Health experts wanting to understand vaccine hesitancy in racialized communities should look beyond simple answers, according to a team of Western researchers.
Marginalized groups in Canada continue to grapple with a legacy of medical racism, said Sinéad Osivwemu, a third-year science student who recently co-led a research project about race, distrust and vaccine hesitancy.
Osivwemu and Kharissa Edwards, BSc’21, conducted an undergraduate research project, supervised by philosophy professor Carolyn McLeod, about how some media describe people who have not been vaccinated against COVID-19.
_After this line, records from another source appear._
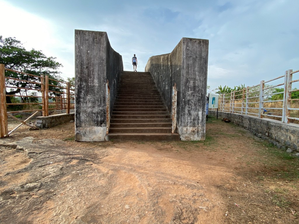 The watch tower is shaped like a fort. The rounded wall bears several embrasures with crenellations on top of the tower. A few steps is all it takes to get to the top of the tower which gives a sweeping view of the Arabian Sea. Behind the fading board is a small gate that is locked. According to stories I have heard, there is a tunnel that goes all the way to Mysore which was Tipu’s seat of power; and as it cannot be verified, it remains just that – a story.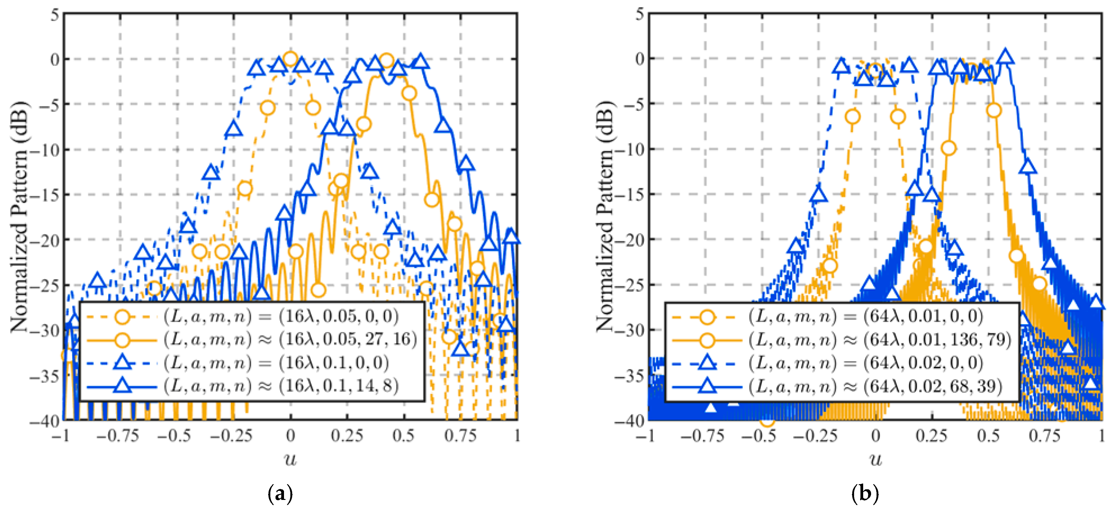 These equations demonstrate a versatile control mechanism where the beamwidth is primarily governed by a, while the beam direction is determined by the products am and an. The numerical results in Figure 6 provide clear validation. For both smaller ( L = 16 λ , Figure 6a) and larger ( L = 64 λ , Figure 6b) apertures, the patterns show that a beam of fixed width can be steered from broadside to a target direction (dashed vs. solid lines with identical markers). Furthermore, at a fixed target direction, beamwidth can be modified without affecting pointing accuracy (overlapping solid or dashed curves with circle and triangle markers). Such independent control over beamwidth and direction, afforded by the quadratic phasing scheme, holds true regardless of aperture size.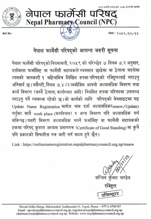 काठमाडौं– नेपाल फार्मेसी परिषद् (एनपीसी) ले दर्तावाला फार्मासिस्ट तथा फार्मेसी सहायकलाई आफ्नो नाम, कार्यस्थल र अन्य विवरण अनिवार्य रूपमा अद्यावधिक गर्न निर्देशन दिएको छ ।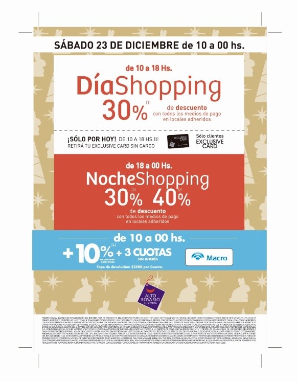 Continuando con la misma dinámica del año pasado, los clientes Exclusive Card accederán desde las 10Hs. a descuentos del 30% con todos los medios de pago. De 10 a 18Hs. se podrá retirar sin cargo la tarjeta de beneficios Exclusive Card por el Stand especial y acceder a todos los descuentos. Mientras que desde las 18Hs. todos los clientes de Alto Rosario accederán a descuentos del 30% y 40% con todos los medios de pago. La promoción cuenta con más de 100 locales adheridos. Además, durante todo el día, los clientes de banco MACRO tendrán un 10% de reintegro adicional con tarjetas de crédito y hasta 3 cuotas sin interés.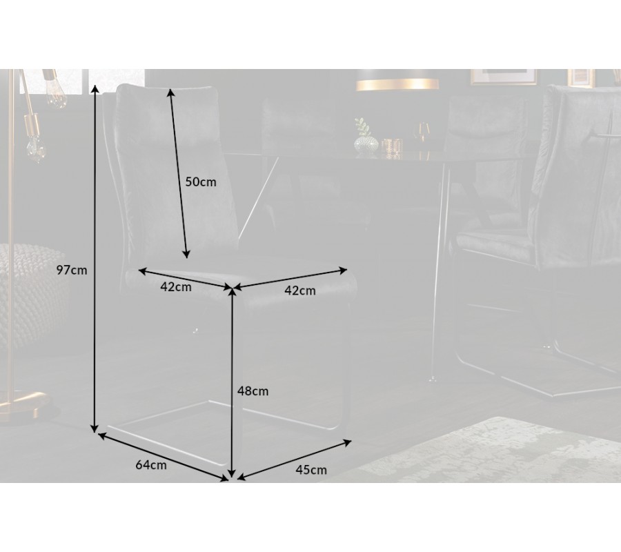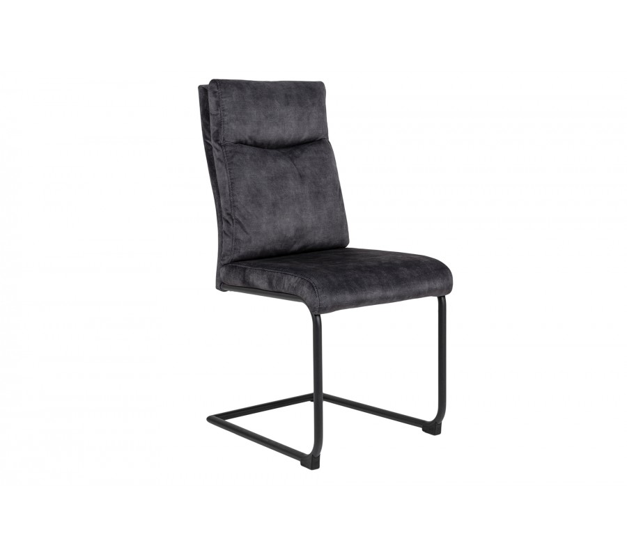 Industriálna jedálenská stolička Vitto Vám prinesie moderný tmavý dizajn do vašej štýlovej jedálne. Medzi silné stránky jedálenskej stoličky Vitto patrí jej kvalitné a príjemné zamatové čalúnenie v tmavo sivej farbe, ktoré je obohatené o vertikálne prešívanie pri strede chrbtovej opierky. Pohodlný sed Vám zaručí spomenuté čalúnenie, a taktiež aj ergonomický tvar chrbtovej opierky s jemným zaoblením pri sedacej časti. Stabilitu modernej jedálenskej stoličky Vitto zaručí čierna kovová podstava s dvoma spojenými nožičkami. Vďaka svojmu dizajnovému prevedeniu odporúčame kombinovať modernú jedálenskú stoličku Vitto v moderných, či industriálne zariadených jedálňach, kde vynikne tmavé farebné prevedenie nožičiek a tmavo sivého čalúnenia.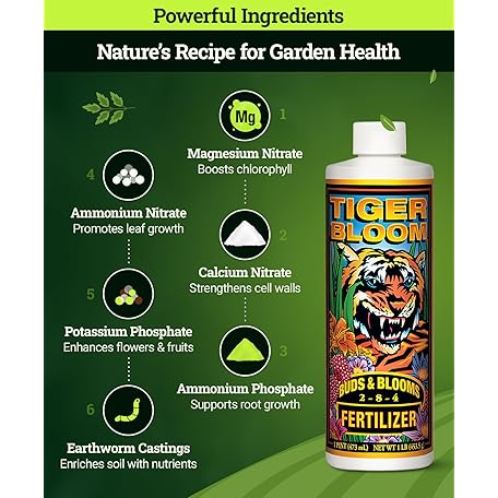 Thông tin sản phẩm FoxFarm Tiger Bloom Liquid Fertilizer Concentrate - Fast Acting Formula for Vicious Growth with Phosphorus - Encourages Fruit, Flower & Bud Development, NPK 2-8-4 (Pint)

“Vaccine hesitancy for people in marginalized communities is not the same as being an anti-vaxxer. Their distrust of the medical establishment is often grounded in historical and present reality,” Osivwemu said. “Yet sometimes, they’re written off as having a lack of knowledge or a lack of intelligence.”
Osivwemu and Edwards were students in McLeod’s Power, Oppression and Privilege course prior to leading the research project.
They presented their findings with McLeod during a webinar that was part of a philosophy lecture series, Race and Racism, run by Western’s Rotman Institute of Philosophy and the philosophy department in partnership with the London Public Library.
Black and Indigenous people have faced centuries of historical injustices, Edwards said.
Enslaved Black persons were experimented upon with vaccines in the 1700s and 1800s; experimental high dosages of measles vaccines were administered to African-American and Hispanic babies in the 1980s and 1990s; and tuberculosis vaccines were tested on Indigenous children in residential schools, without parental knowledge or consent.
These experiences are not limited to history, added Osivwemu. Racism in health care today can include the false claim that Black people feel pain less than whites or that an Indigenous person in the emergency room is not truly sick.
“Our research is a bit more personal because Kharissa and I are both Black women and we’ve experienced microaggressions in a health-care setting. It can be disheartening and distressing.”
In the context of deciding whether to be vaccinated, she said, marginalized people then have to rely on health-care institutions that have shown themselves to be untrustworthy.
Their hesitancy should not be lumped in with those who believe conspiracy theories or social media myths about the vaccine, added McLeod, who is also chair of the philosophy department and a fellow of the Royal Society of Canada.
“The distrust we’re concerned with does not target the safety or efficacy of the vaccines, at least not directly. Rather it targets the motivations of those who are responsible for the vaccine rollout and whether they can be relied on to have the best interests of Black and Indigenous people at heart.”
That means strategies to improve vaccination rates should take a different tack: not primarily to inform or educate the patient, but instead to inform the health-care provider and educate those who perpetuate medical racism, often unconsciously.
The problem to be solved is not Black people’s attitudes towards medicine, Osivwemu said. Rather, it’s to make medicine and medical systems more deserving of Black and Indigenous people’s trust.
In the long-term, building that trust should include increasing the number of Black and Indigenous medical and health-care practitioners – through programs such as ACCESS Pathway at Western’s Schulich School of Medicine & Dentistry, which encourages and reduces barriers for applicants who are under-represented in medicine.
In the shorter term, solutions also lie in listening to racialized communities about their vaccine hesitancy and acting on the needs they express.
Osivwemu cited a vaccine pop-up clinic the Middlesex-London Health Unit organized with leadership from London’s Black community as a good example that others could follow. The clinic was a celebration of community and resilience, she said.
“It seems like we’re moving in the right direction. I’d like to see that expand province-wide and nationwide,” she said.